▸ The problem
Look through the data below and output, unchanged, every line from the one holding "Trong khi Arsenal" through the one holding "宫颈癌摘要宫颈癌是女性常见恶", inclusive. Skip the pictures.

▸ Data to process
- - - -
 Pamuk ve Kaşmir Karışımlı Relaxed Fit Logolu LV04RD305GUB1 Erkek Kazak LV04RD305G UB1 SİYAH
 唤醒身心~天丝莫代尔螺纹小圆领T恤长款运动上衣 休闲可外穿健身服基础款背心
- - - -
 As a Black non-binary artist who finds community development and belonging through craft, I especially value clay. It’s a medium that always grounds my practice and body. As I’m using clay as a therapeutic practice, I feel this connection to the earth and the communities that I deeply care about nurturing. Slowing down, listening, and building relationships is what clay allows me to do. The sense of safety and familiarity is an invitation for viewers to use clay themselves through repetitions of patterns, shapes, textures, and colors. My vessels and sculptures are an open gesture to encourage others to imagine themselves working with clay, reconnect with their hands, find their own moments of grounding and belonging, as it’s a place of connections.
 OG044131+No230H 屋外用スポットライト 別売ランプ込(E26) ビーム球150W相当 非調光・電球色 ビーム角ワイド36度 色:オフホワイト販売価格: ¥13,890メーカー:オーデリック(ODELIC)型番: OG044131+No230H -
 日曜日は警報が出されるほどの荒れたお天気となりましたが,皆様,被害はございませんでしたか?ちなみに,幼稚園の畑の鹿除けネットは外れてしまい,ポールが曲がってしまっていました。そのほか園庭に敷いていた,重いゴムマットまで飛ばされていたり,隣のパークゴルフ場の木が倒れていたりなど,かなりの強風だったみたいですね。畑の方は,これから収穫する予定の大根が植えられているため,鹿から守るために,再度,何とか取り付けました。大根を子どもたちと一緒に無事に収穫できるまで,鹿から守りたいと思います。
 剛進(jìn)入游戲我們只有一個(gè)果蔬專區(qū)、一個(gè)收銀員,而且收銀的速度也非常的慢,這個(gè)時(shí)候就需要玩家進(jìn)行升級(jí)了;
- - - -
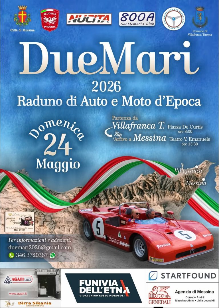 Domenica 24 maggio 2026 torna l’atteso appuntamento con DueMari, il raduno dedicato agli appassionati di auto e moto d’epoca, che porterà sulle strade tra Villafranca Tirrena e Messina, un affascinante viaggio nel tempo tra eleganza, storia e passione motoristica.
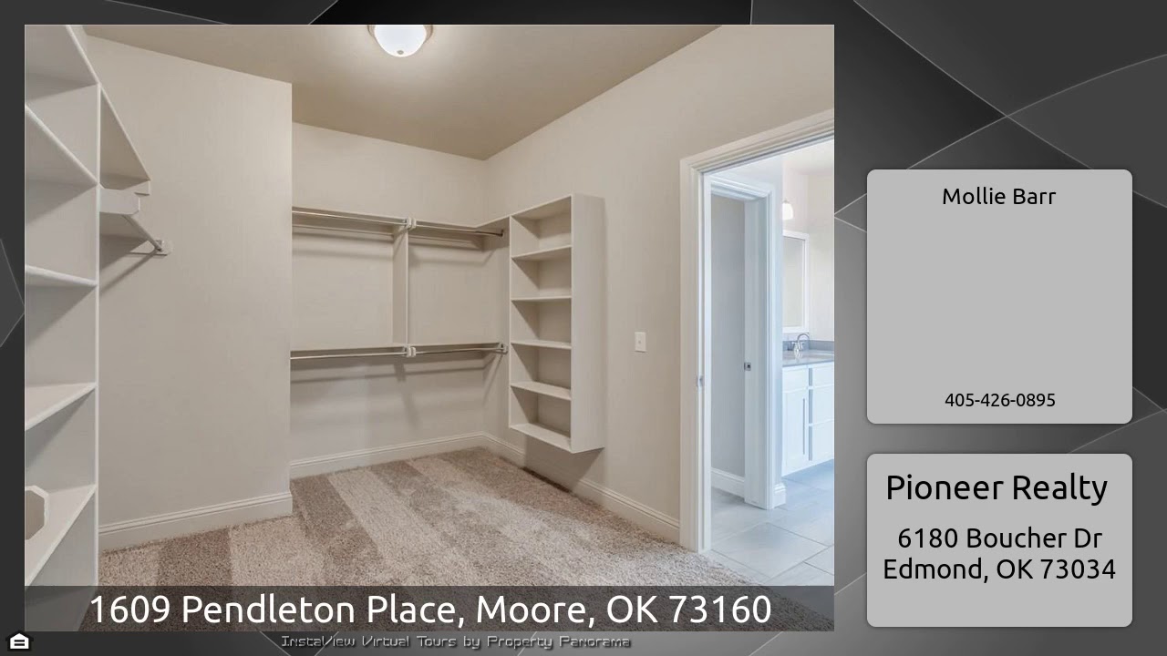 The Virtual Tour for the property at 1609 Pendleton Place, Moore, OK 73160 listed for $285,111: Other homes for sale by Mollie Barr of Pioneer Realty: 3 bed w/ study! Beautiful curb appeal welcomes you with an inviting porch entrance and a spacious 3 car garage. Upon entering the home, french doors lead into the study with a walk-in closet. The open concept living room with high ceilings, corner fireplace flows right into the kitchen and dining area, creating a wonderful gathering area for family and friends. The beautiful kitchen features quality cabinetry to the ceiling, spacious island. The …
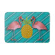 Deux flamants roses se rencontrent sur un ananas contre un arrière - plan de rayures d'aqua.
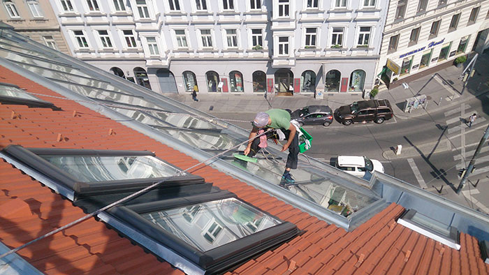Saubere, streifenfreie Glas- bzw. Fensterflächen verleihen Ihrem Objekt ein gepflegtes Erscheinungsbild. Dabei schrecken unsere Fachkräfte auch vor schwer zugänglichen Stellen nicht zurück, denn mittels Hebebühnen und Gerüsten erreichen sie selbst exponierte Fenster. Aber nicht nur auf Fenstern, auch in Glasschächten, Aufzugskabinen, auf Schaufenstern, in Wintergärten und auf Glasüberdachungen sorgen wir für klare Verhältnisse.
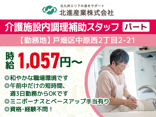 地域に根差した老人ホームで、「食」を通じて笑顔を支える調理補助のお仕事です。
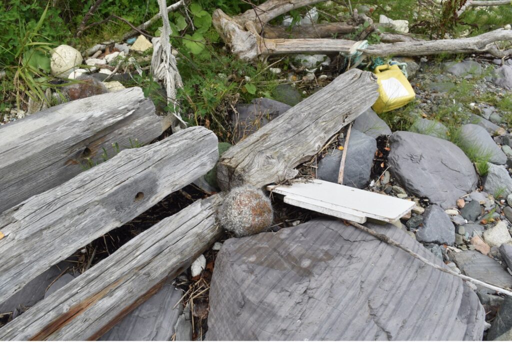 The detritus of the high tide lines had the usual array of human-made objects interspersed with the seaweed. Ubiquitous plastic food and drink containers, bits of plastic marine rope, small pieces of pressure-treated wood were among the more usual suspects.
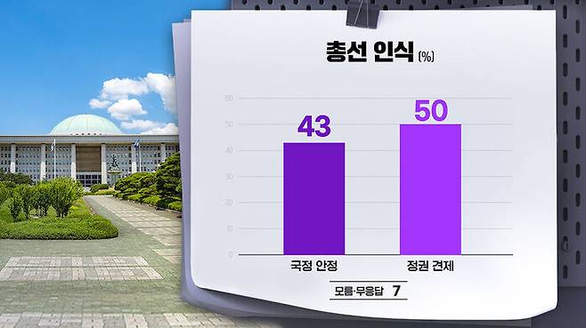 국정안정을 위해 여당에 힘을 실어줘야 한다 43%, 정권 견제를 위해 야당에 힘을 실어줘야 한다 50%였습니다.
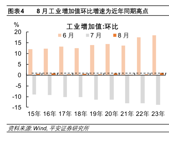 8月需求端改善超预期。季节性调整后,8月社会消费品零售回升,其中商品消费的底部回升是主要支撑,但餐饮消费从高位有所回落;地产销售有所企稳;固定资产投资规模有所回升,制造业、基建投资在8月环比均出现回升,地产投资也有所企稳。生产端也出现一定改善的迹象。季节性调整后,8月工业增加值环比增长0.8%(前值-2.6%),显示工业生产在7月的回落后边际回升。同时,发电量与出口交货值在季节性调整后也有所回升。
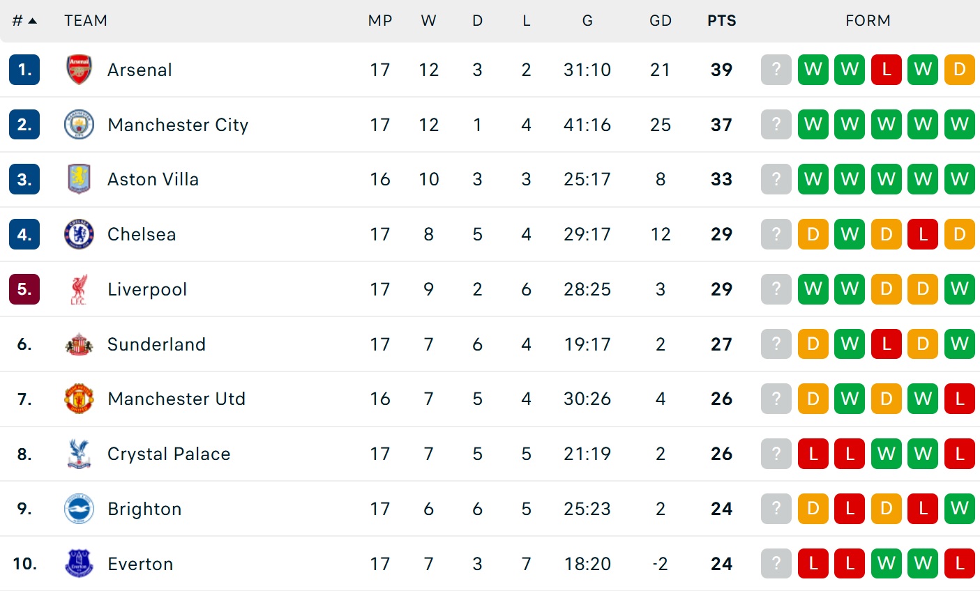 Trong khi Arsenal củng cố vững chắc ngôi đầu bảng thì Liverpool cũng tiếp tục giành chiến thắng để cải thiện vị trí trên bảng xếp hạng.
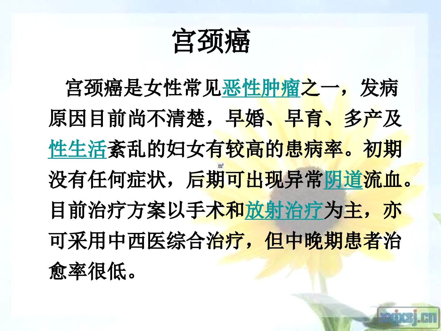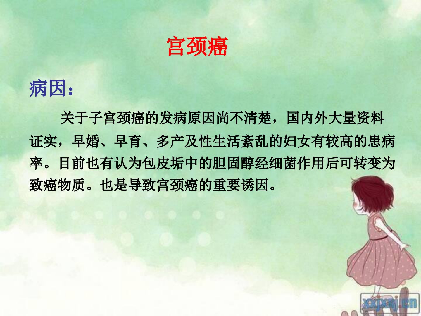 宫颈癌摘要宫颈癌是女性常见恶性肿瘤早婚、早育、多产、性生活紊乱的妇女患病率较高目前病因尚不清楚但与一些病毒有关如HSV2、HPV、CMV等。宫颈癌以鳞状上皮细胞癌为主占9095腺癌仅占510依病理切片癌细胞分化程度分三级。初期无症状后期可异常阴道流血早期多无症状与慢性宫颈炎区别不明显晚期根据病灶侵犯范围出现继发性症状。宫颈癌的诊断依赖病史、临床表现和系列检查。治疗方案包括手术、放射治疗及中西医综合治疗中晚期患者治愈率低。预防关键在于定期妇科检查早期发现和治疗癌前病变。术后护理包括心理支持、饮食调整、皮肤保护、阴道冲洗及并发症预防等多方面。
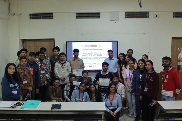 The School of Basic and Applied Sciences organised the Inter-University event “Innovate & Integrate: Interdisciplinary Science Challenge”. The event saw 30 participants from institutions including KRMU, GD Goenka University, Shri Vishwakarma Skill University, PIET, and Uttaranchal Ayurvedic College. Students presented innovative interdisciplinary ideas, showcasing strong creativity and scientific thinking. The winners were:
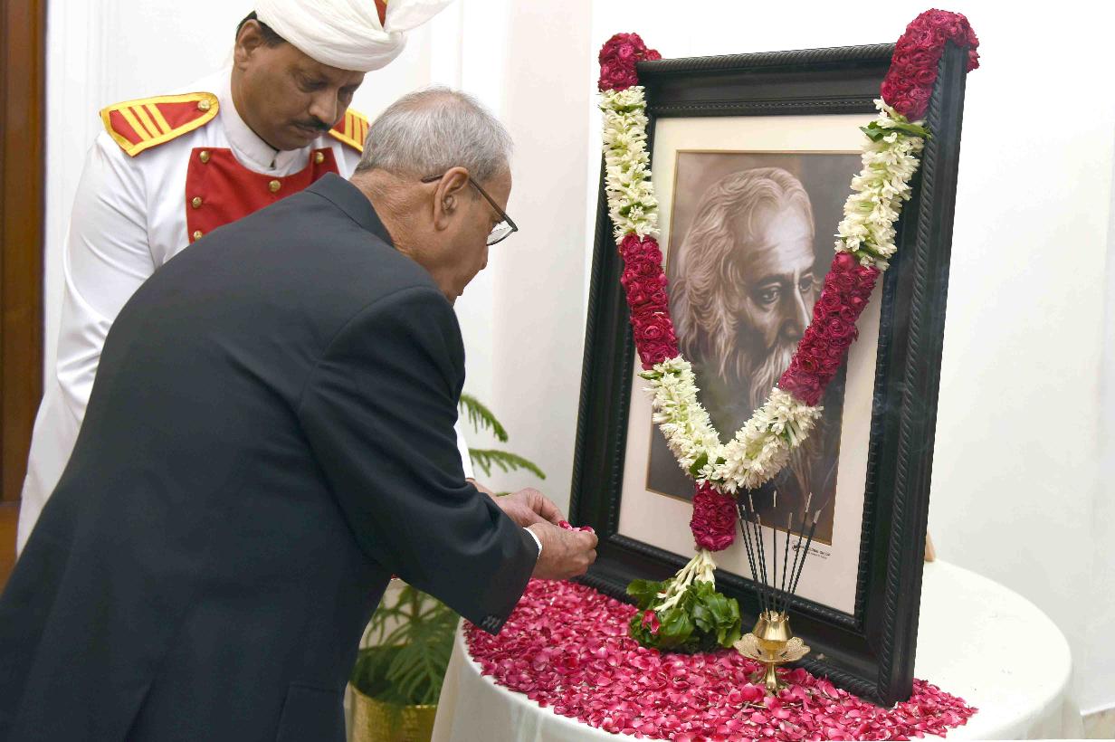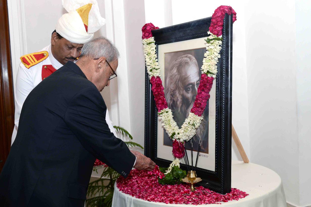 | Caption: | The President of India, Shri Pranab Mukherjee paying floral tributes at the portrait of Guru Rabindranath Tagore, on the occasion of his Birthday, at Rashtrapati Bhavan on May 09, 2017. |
- - - -
▸ Output for this exercise
 Trong khi Arsenal củng cố vững chắc ngôi đầu bảng thì Liverpool cũng tiếp tục giành chiến thắng để cải thiện vị trí trên bảng xếp hạng.
 宫颈癌摘要宫颈癌是女性常见恶性肿瘤早婚、早育、多产、性生活紊乱的妇女患病率较高目前病因尚不清楚但与一些病毒有关如HSV2、HPV、CMV等。宫颈癌以鳞状上皮细胞癌为主占9095腺癌仅占510依病理切片癌细胞分化程度分三级。初期无症状后期可异常阴道流血早期多无症状与慢性宫颈炎区别不明显晚期根据病灶侵犯范围出现继发性症状。宫颈癌的诊断依赖病史、临床表现和系列检查。治疗方案包括手术、放射治疗及中西医综合治疗中晚期患者治愈率低。预防关键在于定期妇科检查早期发现和治疗癌前病变。术后护理包括心理支持、饮食调整、皮肤保护、阴道冲洗及并发症预防等多方面。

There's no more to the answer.